Heisenbugs in the Terminal: Could Simulation Testing Have Caught Ghostty?

Mitchell Hashimoto debugged Ghostty’s worst memory leak. A 37 GB leak. Ten days of uptime. The culprit hid in the scrollback buffer—a Heisenbug that only appeared under load, invisible during testing.

Mitchell’s work was surgical. VM tags. Malloc analysis. But the debugging happened after users reported it.

Could simulation testing have found it before then? In seconds?

Yes.

The Bug

Ghostty stores terminal lines in a PageList—pages of memory, doubly-linked. Two kinds:

Standard: Recycled from a pool. Fast.
Non-Standard: Large mmap blocks. For emoji-heavy lines. Rare.

When scrollback overflows, Ghostty takes the oldest page and reuses it as the newest.

Here’s the trap: a non-standard page gets pruned. Its metadata flips to ‘Standard Size.’ The underlying memory stays large. When that page dies, the allocator glances at the metadata, sees ‘Standard,’ and tosses it back into the pool. Never calls munmap. The OS never reclaims it.

The leak was born.

Why Testing Missed It

Non-standard pages are rare. You need one at the tail when scrollback wraps. The leak grows silently—a few MB unnoticed. The trigger was specific: Claude Code’s dense output forces non-standard pages at scale.

No test catches this. You don’t write: ‘Generate 100,000 emoji lines, overflow scrollback, loop the pages, verify OS reclamation.’ That’s not testing. That’s guessing.

Simulation Testing

Deterministic Simulation Testing doesn’t write test cases. It builds a universe and breaks it.

Compress time. Real users saw the leak after ten days. A simulator decouples clock time from logic. Instead of default configs, it fuzzes them.

Set scrollback_limit = 5. Page reuse fires every 5 milliseconds. The rare event becomes routine.

Fuzz chaos. Stream ASCII, Unicode, emojis, control sequences. Simulate Claude Code’s output naturally. Mix in rapid scrolling.

Assert invariants. The key. A DST harness wraps the allocator. Because the simulator owns everything, it knows what’s in the pool:

fn check_pool_integrity(pool: *MemoryPool) {
    for (node in pool.free_list) {
        assert(node.actual_size == standard_size,
               "Corrupted: non-standard page in pool");
    }
}

When the bug tries to recycle a non-standard page as standard, the assertion fires. Immediately. Deterministically. With a hex seed.

Replay

Traditional debugging: hope the bug shows up again. DST: run seed 0x8F3A2.

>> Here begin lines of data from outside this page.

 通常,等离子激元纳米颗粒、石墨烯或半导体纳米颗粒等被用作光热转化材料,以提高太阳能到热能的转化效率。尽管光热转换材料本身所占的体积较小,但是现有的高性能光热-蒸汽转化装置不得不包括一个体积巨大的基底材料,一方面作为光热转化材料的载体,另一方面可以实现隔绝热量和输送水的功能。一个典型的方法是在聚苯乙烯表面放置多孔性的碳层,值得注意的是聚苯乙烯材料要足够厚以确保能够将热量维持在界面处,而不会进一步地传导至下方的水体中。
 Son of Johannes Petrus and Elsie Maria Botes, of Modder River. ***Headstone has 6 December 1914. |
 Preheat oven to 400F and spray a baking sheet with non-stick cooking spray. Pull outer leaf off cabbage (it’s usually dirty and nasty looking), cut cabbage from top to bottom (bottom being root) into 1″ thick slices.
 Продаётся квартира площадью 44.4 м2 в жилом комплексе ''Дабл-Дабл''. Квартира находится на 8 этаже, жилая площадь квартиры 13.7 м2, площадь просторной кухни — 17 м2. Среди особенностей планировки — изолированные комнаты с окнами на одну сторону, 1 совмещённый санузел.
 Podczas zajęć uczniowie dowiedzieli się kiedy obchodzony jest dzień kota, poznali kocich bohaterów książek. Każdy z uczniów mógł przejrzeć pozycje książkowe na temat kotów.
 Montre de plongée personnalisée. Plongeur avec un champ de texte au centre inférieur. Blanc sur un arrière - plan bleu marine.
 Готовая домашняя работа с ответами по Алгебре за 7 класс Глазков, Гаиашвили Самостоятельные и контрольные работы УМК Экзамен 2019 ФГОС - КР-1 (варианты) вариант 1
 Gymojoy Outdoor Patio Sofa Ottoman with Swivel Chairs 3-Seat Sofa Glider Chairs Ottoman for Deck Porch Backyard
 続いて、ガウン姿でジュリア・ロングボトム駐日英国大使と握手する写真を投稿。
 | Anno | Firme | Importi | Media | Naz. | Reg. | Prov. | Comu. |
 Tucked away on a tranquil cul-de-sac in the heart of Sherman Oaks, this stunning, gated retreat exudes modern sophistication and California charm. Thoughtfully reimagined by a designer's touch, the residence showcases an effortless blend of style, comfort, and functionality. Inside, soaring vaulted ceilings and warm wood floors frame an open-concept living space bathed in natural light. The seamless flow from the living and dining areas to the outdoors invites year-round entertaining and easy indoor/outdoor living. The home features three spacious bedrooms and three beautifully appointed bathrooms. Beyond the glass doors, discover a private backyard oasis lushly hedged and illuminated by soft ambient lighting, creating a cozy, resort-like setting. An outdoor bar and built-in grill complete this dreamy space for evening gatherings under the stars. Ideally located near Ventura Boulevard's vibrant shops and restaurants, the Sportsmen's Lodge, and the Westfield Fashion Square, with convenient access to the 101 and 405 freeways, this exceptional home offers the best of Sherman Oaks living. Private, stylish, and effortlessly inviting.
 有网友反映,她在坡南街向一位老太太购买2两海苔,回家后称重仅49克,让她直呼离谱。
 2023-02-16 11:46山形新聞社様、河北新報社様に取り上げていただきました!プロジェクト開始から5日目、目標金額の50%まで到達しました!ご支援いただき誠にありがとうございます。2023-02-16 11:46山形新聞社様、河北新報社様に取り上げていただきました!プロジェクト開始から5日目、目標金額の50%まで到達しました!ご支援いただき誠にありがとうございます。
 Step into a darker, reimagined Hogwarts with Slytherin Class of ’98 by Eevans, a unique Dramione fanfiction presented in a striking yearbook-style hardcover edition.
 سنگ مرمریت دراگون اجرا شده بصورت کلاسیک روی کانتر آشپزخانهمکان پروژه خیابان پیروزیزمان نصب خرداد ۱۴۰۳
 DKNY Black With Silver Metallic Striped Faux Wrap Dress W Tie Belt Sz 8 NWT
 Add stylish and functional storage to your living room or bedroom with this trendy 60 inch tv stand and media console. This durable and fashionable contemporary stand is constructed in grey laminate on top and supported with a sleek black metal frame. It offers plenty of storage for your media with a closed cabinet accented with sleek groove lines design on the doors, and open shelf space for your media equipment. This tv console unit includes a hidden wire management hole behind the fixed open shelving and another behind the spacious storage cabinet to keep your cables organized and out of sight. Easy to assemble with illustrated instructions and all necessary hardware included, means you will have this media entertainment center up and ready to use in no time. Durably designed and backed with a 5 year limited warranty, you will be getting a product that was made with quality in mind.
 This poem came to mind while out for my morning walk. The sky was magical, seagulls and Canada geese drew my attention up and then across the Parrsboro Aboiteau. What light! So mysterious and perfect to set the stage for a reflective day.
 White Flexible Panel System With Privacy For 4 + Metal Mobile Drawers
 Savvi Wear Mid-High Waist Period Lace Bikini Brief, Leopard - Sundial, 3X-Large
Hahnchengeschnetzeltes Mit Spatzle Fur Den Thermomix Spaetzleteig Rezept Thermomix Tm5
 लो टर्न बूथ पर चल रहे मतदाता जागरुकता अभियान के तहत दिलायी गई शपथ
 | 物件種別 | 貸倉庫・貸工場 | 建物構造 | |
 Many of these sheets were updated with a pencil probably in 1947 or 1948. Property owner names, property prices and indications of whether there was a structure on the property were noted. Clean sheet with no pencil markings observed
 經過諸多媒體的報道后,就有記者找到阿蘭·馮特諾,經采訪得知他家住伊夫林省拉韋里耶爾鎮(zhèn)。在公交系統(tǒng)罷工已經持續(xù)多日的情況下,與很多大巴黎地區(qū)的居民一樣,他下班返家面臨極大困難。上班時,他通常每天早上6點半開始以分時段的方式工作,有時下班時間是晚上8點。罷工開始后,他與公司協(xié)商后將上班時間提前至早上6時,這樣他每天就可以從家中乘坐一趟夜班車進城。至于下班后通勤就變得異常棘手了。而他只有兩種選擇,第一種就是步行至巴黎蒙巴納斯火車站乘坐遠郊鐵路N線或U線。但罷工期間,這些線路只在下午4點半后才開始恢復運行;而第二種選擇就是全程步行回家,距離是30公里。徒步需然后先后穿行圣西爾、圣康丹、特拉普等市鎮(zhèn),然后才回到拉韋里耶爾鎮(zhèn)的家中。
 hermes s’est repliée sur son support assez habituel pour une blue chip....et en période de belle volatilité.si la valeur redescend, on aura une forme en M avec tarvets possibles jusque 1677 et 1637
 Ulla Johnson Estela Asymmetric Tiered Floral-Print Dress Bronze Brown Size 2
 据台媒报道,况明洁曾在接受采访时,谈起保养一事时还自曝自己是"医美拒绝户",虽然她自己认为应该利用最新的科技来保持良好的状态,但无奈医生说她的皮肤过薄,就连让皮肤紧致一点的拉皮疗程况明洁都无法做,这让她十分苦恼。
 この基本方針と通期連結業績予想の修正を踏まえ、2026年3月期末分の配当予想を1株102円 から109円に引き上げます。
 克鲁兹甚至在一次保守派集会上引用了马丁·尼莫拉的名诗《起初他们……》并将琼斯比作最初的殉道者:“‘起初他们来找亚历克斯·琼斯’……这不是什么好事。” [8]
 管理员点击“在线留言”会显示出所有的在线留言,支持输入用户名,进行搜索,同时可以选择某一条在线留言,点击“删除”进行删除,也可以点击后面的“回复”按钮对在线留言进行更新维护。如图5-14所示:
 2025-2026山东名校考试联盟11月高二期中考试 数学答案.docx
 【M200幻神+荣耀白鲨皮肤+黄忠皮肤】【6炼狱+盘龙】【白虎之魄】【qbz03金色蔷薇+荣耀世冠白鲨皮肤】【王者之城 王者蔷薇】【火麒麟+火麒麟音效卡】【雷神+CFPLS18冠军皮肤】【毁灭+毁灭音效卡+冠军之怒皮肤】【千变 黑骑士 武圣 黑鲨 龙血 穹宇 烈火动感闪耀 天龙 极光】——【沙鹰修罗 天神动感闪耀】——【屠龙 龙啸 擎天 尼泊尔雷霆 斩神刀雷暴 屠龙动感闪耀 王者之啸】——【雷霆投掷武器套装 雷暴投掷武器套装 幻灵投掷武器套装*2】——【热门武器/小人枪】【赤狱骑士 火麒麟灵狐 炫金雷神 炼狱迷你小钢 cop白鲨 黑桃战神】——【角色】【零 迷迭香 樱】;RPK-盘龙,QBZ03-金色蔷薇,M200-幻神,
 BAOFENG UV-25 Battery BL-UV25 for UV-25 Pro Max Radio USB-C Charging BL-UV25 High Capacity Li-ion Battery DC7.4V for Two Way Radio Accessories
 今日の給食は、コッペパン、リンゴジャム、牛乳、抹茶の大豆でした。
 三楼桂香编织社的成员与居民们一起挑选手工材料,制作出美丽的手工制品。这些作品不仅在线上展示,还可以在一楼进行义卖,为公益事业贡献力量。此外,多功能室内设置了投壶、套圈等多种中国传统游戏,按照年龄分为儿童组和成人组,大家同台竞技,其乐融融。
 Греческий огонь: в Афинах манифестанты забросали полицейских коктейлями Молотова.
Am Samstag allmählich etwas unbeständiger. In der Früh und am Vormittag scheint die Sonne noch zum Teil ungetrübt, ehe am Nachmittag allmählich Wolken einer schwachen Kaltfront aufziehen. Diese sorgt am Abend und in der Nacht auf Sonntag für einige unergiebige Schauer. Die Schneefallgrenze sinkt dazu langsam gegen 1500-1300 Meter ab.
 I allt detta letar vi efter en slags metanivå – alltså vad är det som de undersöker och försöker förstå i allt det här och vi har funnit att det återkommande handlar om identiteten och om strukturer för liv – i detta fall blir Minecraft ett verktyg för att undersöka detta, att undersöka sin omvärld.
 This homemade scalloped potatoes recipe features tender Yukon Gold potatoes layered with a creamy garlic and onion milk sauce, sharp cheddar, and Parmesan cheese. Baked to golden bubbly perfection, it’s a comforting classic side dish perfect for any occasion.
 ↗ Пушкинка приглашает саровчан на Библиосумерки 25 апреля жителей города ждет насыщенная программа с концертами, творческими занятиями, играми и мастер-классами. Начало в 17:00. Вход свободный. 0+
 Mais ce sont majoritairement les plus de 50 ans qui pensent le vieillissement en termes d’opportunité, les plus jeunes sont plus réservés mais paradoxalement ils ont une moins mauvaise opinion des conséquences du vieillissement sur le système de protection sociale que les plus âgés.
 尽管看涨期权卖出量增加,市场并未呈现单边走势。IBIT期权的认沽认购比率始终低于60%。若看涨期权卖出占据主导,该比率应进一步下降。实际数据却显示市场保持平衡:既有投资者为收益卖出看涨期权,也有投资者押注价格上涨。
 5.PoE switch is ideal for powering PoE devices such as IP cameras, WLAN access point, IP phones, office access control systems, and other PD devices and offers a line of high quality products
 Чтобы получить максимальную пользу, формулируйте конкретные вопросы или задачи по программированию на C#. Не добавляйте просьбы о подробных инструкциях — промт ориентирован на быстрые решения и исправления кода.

Set scrollback_limit = 50. Generate 500 lines of Unicode. Wrap a non-standard page. Free it. The assertion fires.

Runtime: 40 milliseconds. Stack trace points to the metadata mismatch. Done.

The Time Cost

The issue was reported three weeks ago. A fix landed 15 hours ago. Three weeks of users hitting 37GB leaks. Three weeks of investigation. Mitchell’s debugging was meticulous—it had to be.

Simulation would have caught it in minutes. Not because simulation is magical. Because it doesn’t wait for rare conditions. It creates them.

Type Confusion

Mitchell’s assumption made sense: ‘Standard pages are common. Optimize them.’ But assumptions hide bugs. DST forces verification: does the common-case optimization fail catastrophically when uncommon? Across millions of scenarios?

One HN commenter named it: type confusion. The system lied about a page’s type. DST catches lies.

Stop Debugging

Mitchell’s fix was clean—munmap non-standard pages instead of recycling. His debugging brilliant. But debugging is what happens when testing fails.

Stop waiting for users to report 37GB leaks. Build systems that find their own bugs.

The terminal is not a UI. It’s a distributed database with strict consistency. Simulate it like one.